> EXERCISE PROMPT
Nothing after the line with "Tree Ornaments for" belongs in the copy; extract the lines below from the top through that line, pictures left out.

──────── EXCERPTED RECORDS

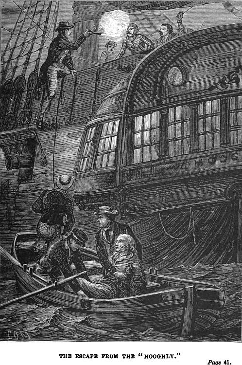 “Ah, but I did though,” said Captain Wilmore, “the Hooghly herself, as large as life. The scoundrels had knocked away her figure-head, and painted her, name and all, anew; but I knew her in a moment, as well as I know my own face. We hailed her, and the moment they saw me on the quarter-deck, they cut their cable, and tried to run for it. But we were just entering the harbour, prepared for action, and sent such a broadside into her as knocked all the mischief out of her in a jiffey. O’Hara was killed, and White mortally wounded, and as for Andy Duncan, he was run up to the yardarm and hanged the next morning. The others were put into irons, and received various sentences. Some had seven dozen. Others were simply dismissed and sent home.”
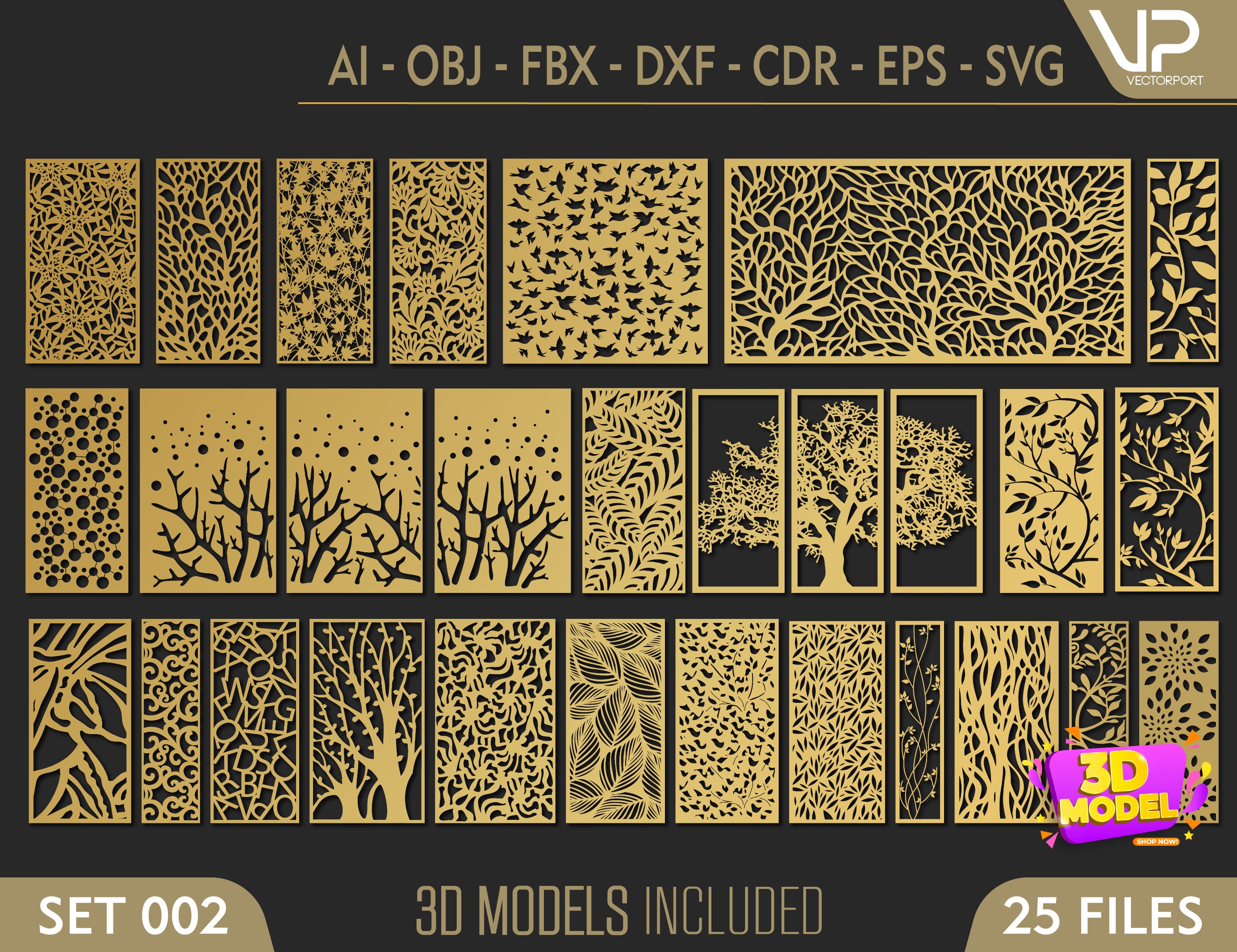 Tree Ornaments for decorative partitions panel screen CNC Laser Cutting File | SVG, DXF, AI |#C002|
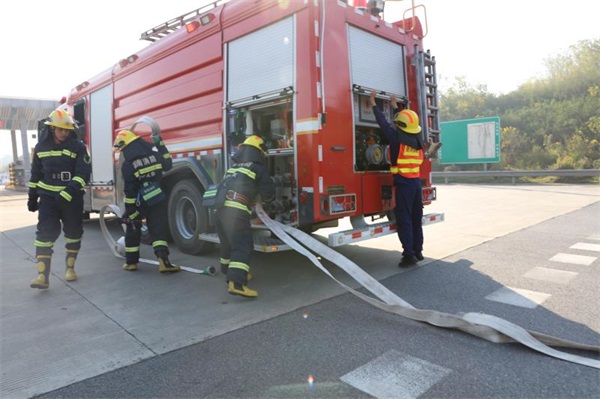 衡阳分公司监控中心接到收费站报告并通过广场监控核实,立即启动应急救援预案,成立应急救援指挥部,通知各相关联动单位参加抢险救援。
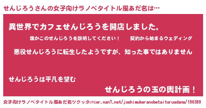 | 萌えアニメ | 物語のオチ『せんじろうさんがダークサイドから帰ってきてヒロインが抱きついてEND』 |
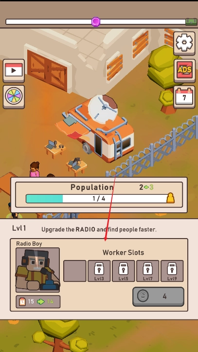 在这款融合幸存者管理与基地建设的游戏里,玩家将以群体领袖的身份,统筹分配幸存者的各项工作。一方面,需指派部分幸存者外出搜寻食物、采集木材等基础资源;另一方面,安排另一部分幸存者投入基地设施的建造与升级工作。当资源储备达到一定规模后,可对各类工作站进行升级改造,以此提升生产效率,进而吸引更多流离的幸存者加入团队。而招募新成员的关键,正是运用手中的木材与食品资源——新成员的加入将壮大劳动力队伍,为基地后续的建设与发展注入更强劲的动力。
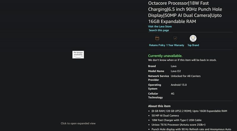 The Amazon listing for the Lava O2 also states that the phone will be powered by an octa-core Unisoc T616 chip paired with 8GB of LPDDR4x RAM and 128GB of UFS 2.2 storage. It is claimed to score over 250,000 points in the AnTuTu benchmark test.
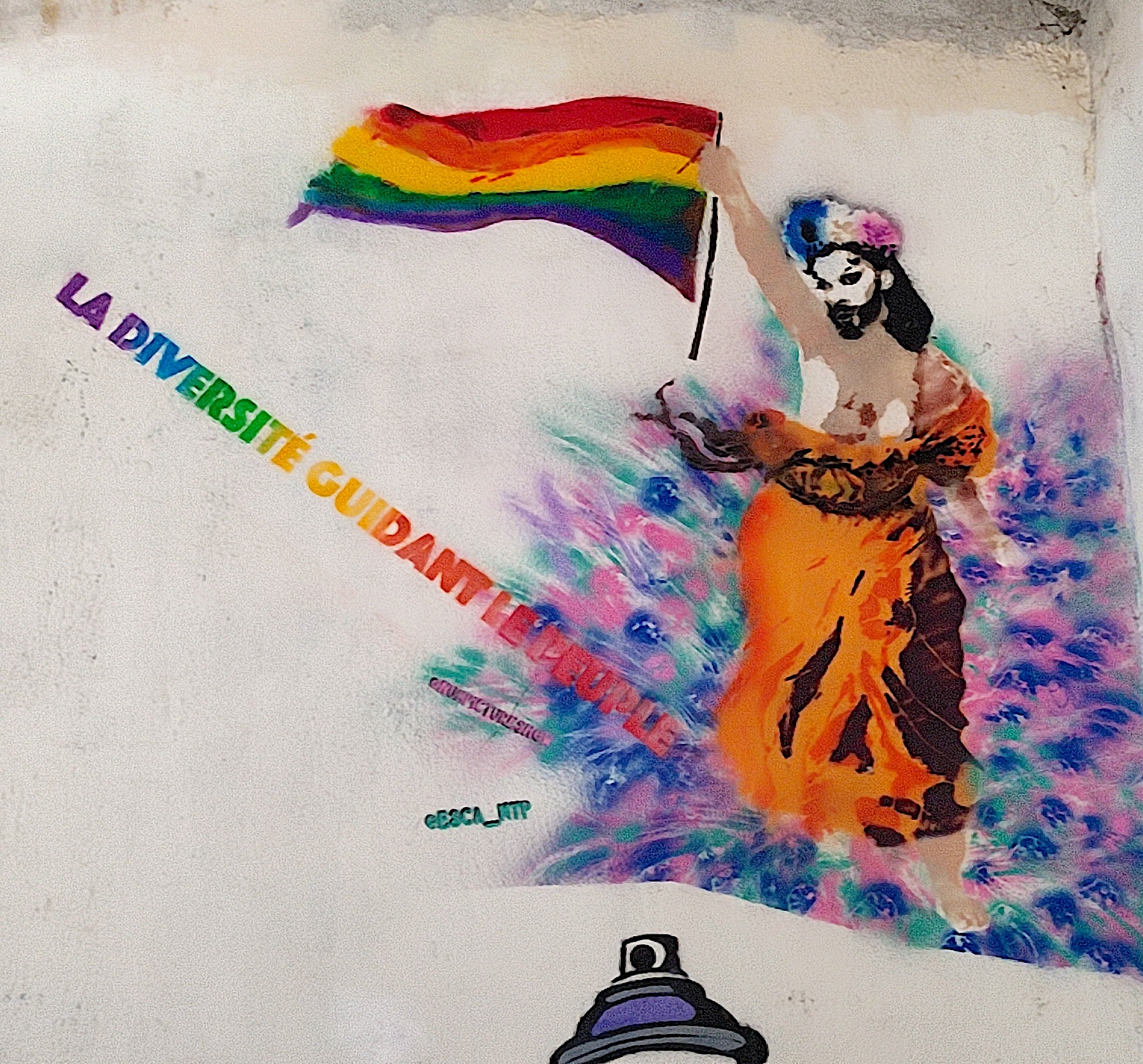 Sous le drapeau arc-en-ciel, la figure féminine, mi allégorie, mi héroïne contemporaine, incarne la liberté, la lutte et la fierté de toutes les identités.

────────────────

> REPLY
 “Ah, but I did though,” said Captain Wilmore, “the Hooghly herself, as large as life. The scoundrels had knocked away her figure-head, and painted her, name and all, anew; but I knew her in a moment, as well as I know my own face. We hailed her, and the moment they saw me on the quarter-deck, they cut their cable, and tried to run for it. But we were just entering the harbour, prepared for action, and sent such a broadside into her as knocked all the mischief out of her in a jiffey. O’Hara was killed, and White mortally wounded, and as for Andy Duncan, he was run up to the yardarm and hanged the next morning. The others were put into irons, and received various sentences. Some had seven dozen. Others were simply dismissed and sent home.”
 Tree Ornaments for decorative partitions panel screen CNC Laser Cutting File | SVG, DXF, AI |#C002|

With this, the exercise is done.